『平家物語』と『鎌倉殿の13人』で学ぶ平安時代 対比で浮かび上がる“盛者必衰”

『平家物語』と『鎌倉殿』で学ぶ平安時代

 今、平安時代を学ぶ絶好の機会なのかもしれない。

 毎週水曜24時55分よりフジテレビでオンエア中のアニメ『平家物語』。舞台は平安末期。栄華を極めようとしていたのは、平家一門だ。権力、武力、財力、あらゆるものを手にし、怖いものなどないように思われた。あるとき、亡者が見える目を持つ平重盛は、未来が見える目を持つ琵琶法師の少女・びわに出会う。彼女が口にした予言は「お前たちはじきに滅びる」。

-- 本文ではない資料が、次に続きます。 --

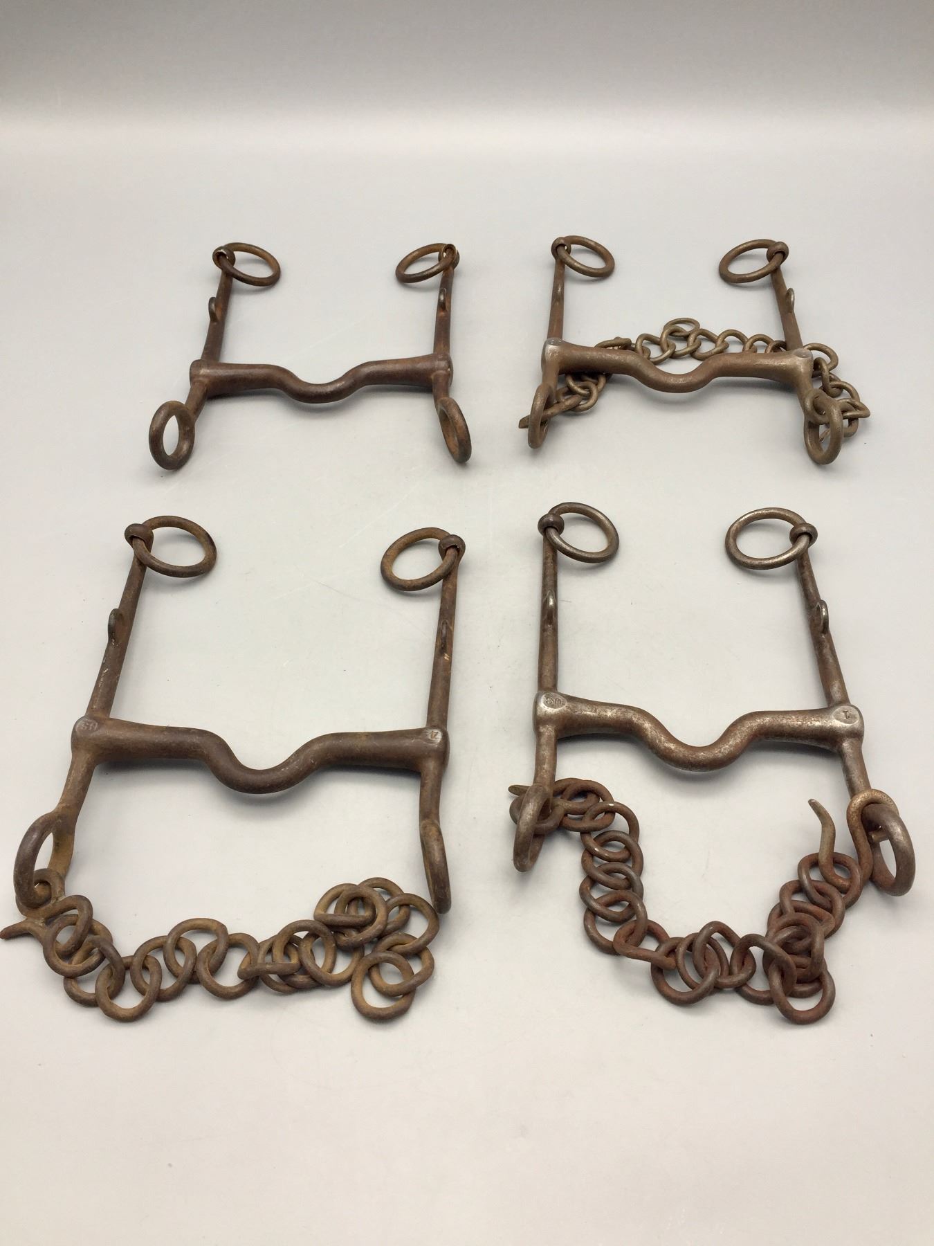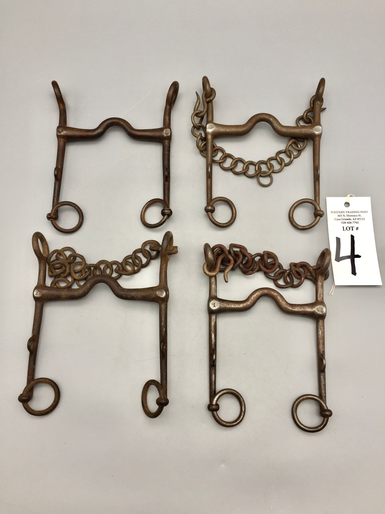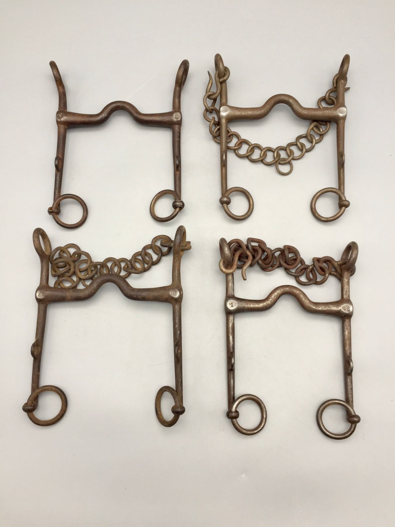 Description: Featured for sale in this lot is four US Calvary bits. These bits include Numbers 1, 2, 3, and 4 (all 4 sizes). Maker: Unknown. Approx. Age: Circa early 1900s vintage. Size: Varies from mouth 4-3/4” , shank is 7” long to mouth 4-7/8”, shank is 7” long. Condition: Good for their age, normal wear expected. Please look closely at the pictures - they are an important part of our description. Shipping: There will be a $5 handling / packaging fee for shipping this lot. The actual cost of postage will be added on top of that.
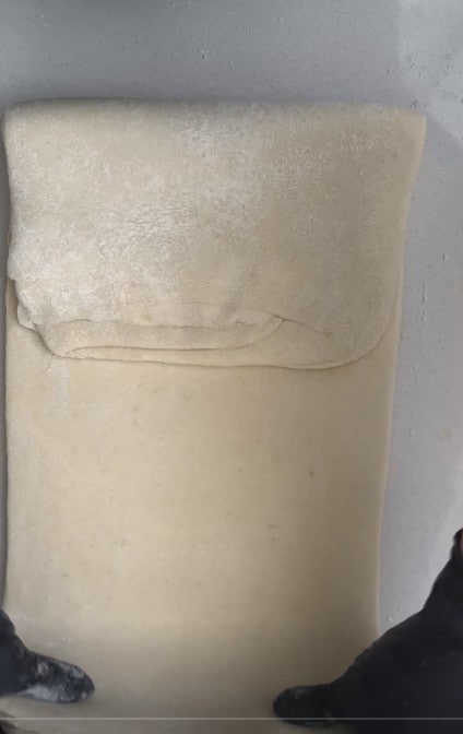 En este punto doblar la masa como si fuera un libro. Obtendremos 4 capas
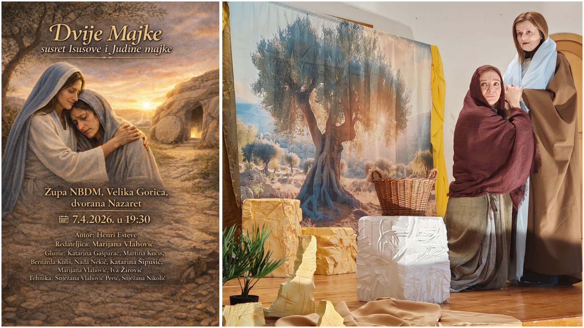 Riječ je o snažnom dramskom djelu koji progovara o susretu dviju biblijskih žena Isusove i Judine majke. Priča je to o boli, oprosti i nadi, a publici je donose članice župne zajednice koje za ovu prigodu prvi put staju na kazališne daske.
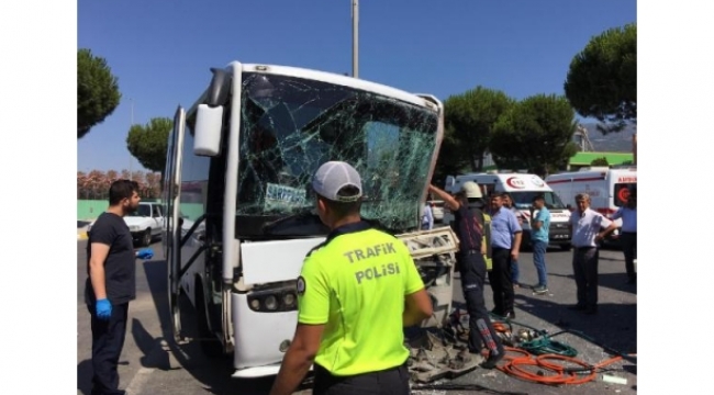 İşçi servis midibüsü, TIR'ın dorsesine çarptı: 6 yaralı
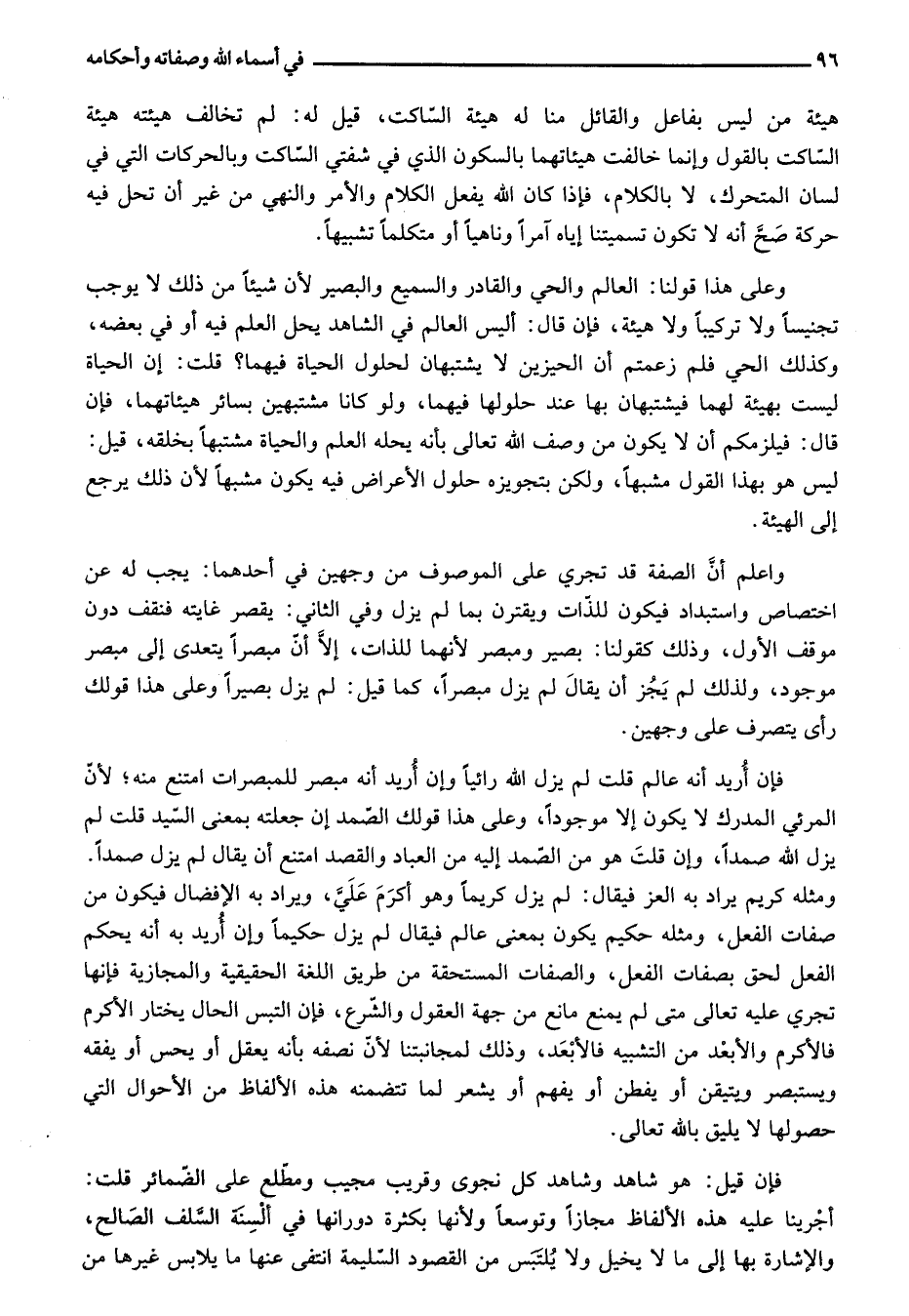 وعلى هذا قولنا: العالم والحي والقادر والسميع والبصير لأن شيئا من ذلك لا يوجب تجنيسا ولا تركيبا ولا هيئة، فإن قال: أليس العالم في الشاهد يحل العلم فيه أو في بعضه، وكذلك الحي فلم زعمتم أن الحيزين لا يشتبهان لحلول الحياة فيهما؟ قلت: إن الحياة ليست بهيئة لهما فيشتبهان بها عند حلولها فيهما، ولو كانا مشتبهين بسائر هيئاتهما، فإن قال: فيلزمكم أن لا يكون من وصف الله تعالى بأنه يحله العلم والحياة مشتبها بخلقه، قيل:
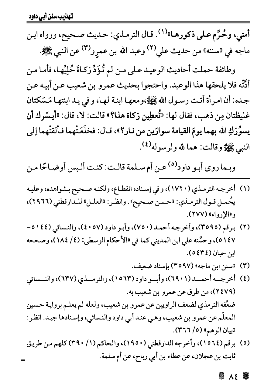 وطائفة حملت أحاديث الوعيد على من لم تُؤَدِّ زكاةَ حُلِيِّها، فأما من أدَّتْه فلا يلحقها هذا الوعيد. واحتجوا بحديث عمرو بن شعيب عن أبيه عن جده: أن امرأة أتت رسول الله - صلى الله عليه وسلم -،ومعها ابنة لها، وفي يد ابنتها مَسَكتان غليظتان مِن ذهب، فقال لها: «تُعطِين زكاة هذا؟» قالت: لا، قال: «أيسّرك أن يسوِّرَكِ الله بهما يومَ القيامة سوارَين من نار؟»، قال: فخلَعَتْهما فألقتْهما إلى النبي - صلى الله عليه وسلم - وقالت: هما لله ولرسوله (¬٤).
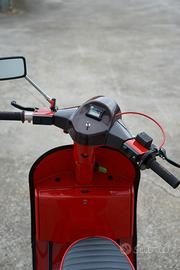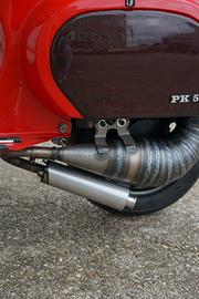 Vespa PK 50 S unica nel suo genere. Parafango, Nasello e bandinelle tutte fatte a mano in carbonio preservando l'estetica come originale. Il telaio è completamente stato restaurato senza utilizzare stucco e verniciato dello stesso suo colore originale "rosso Cina" . Alla vespa è stato installato un freno a disco completo di tubi in treccia, ammortizzatori yss anteriori e posteriori regolabili a ghiera. L'impianto elettrico è stato rifatto, con istallazione batteria e lampadine a led con relativi fusibili.
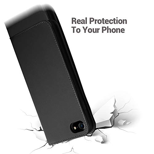 RADOO Cover per iPhone 8 in vera pelle, custodia a portafoglio per iPhone 7, custodia premium sottile in vera pelle con chiusura magnetica e scomparti per carte per Apple iPhone 8/iPhone 7 4.7" (nero)
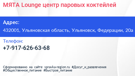 МЯТА Lounge, центр паровых коктейлей по адресу 432001, Ульяновская область, Ульяновск, Федерации, 20а в дальнейшем Организация, размещена в следующих категориях:

 一方、今年、三谷幸喜脚本で注目を浴びているのが大河ドラマ『鎌倉殿の13人』(NHK総合)だ。主人公は小栗旬演じる北条義時。源頼朝を支えていた人物のひとりであり、のちの鎌倉幕府の中心的存となる。物語は『平家物語』と同じく、平安時代末期からスタートしている。つまり、『平家物語』と『鎌倉殿の13人』を観ることで平家側と源氏側両方から、この時代を考察することができるのだ。

『平家物語』のそこはかとないものがなしさ

 平家と言えば平清盛だが、主人公となるのは琵琶法師の少女・びわだ。彼女は平家が辿る末路を見て知っている。最初は平家に対して良い印象を持っていなかったびわだが、その中で、心を通わせていく人物もいる。平清盛の長男・平重盛は真面目で人柄も良い。重盛のもとで暮らすことで重盛の子どもたちとも親しくなっていく。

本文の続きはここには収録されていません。